Each week Ruth Ayres extends an invitation to share the celebrations from our week. Why don't you join the celebration?
Today I celebrate One Book, One District, One Community, a project I have been working on since the beginning of the school year. The project revolved around the book Wonder, by R.J. Palacio.
With the help of community sponsors and our school corporation administrators, we were able to purchase over 1,400 books. Each student in our four elementary schools received their own copy. Third through fourth grade received the novel, and our pre-school through second grade received the picture book, We Are All Wonders.
Teachers have been reading the book this month and participating in kindness activities. Today was "Distribution Day," the day the students received their copy of the books. I had the privilege to be at all four schools and to watch the magic.
What a day for celebration!
The smiles on their faces when they carefully held these books in their hands was pure joy. Many of them sat right down and began turning the pages or tried to find the spot where their teacher was reading.

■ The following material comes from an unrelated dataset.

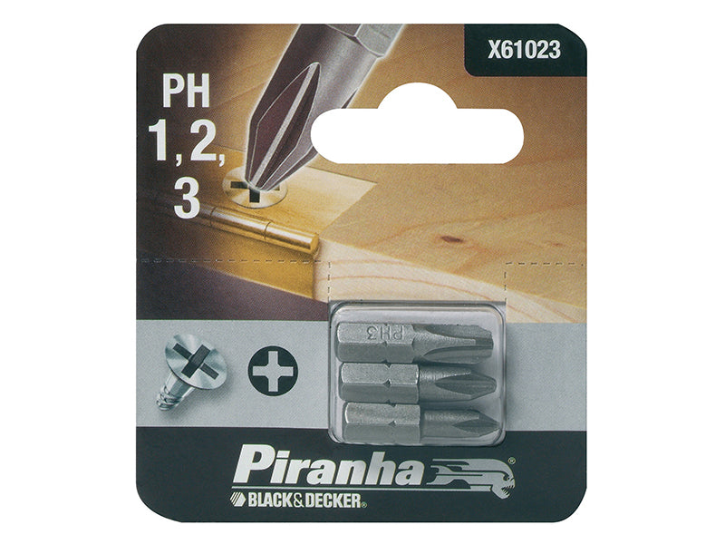 The Black and Decker X61023 Screwdriver Phillips Bits with a 1/4in hexagon drive. They have a hardened core for better grip. Suitable for general purpose applications in metal, wood, plastic and drywall materials.

At one school, I knelt down and talked with a few of the students as their teachers were passing out the books. Here are some of their reactions:
"Is this book really mine?"
"Do we get to take these home?
"Now I can read ahead of my teacher...but I won't tell what happens."
"I can't wait to take this home and read it to my mom."
The little girl in the pink jacket looked up at me and was the first one to say, "Thank you." My heart melted because I could tell by her sweet little face that her thank you was so sincere.
As literacy teachers, we spend our days building reading communities, showing our students the importance of having a reading life, and hoping that we somehow provide the spark that ignites their love of reading.
Our students won't look back and remember our most engaging lesson, or a grammar worksheet they mastered, or a standardized test prep packet.
Our hope is that for the short time we have them in our classrooms, we create reading memories. That we read aloud a book that changes them. That we place a book in their hands that teaches them empathy, or that becomes a mirror where they see themselves, or that gives them hope.
We want them to look back and say, "Remember that time when we read..." We want to be memory makers because...
Reading memories trigger reading lives.
(Click to tweet.)
(Click to tweet.)
And that is what today was all about.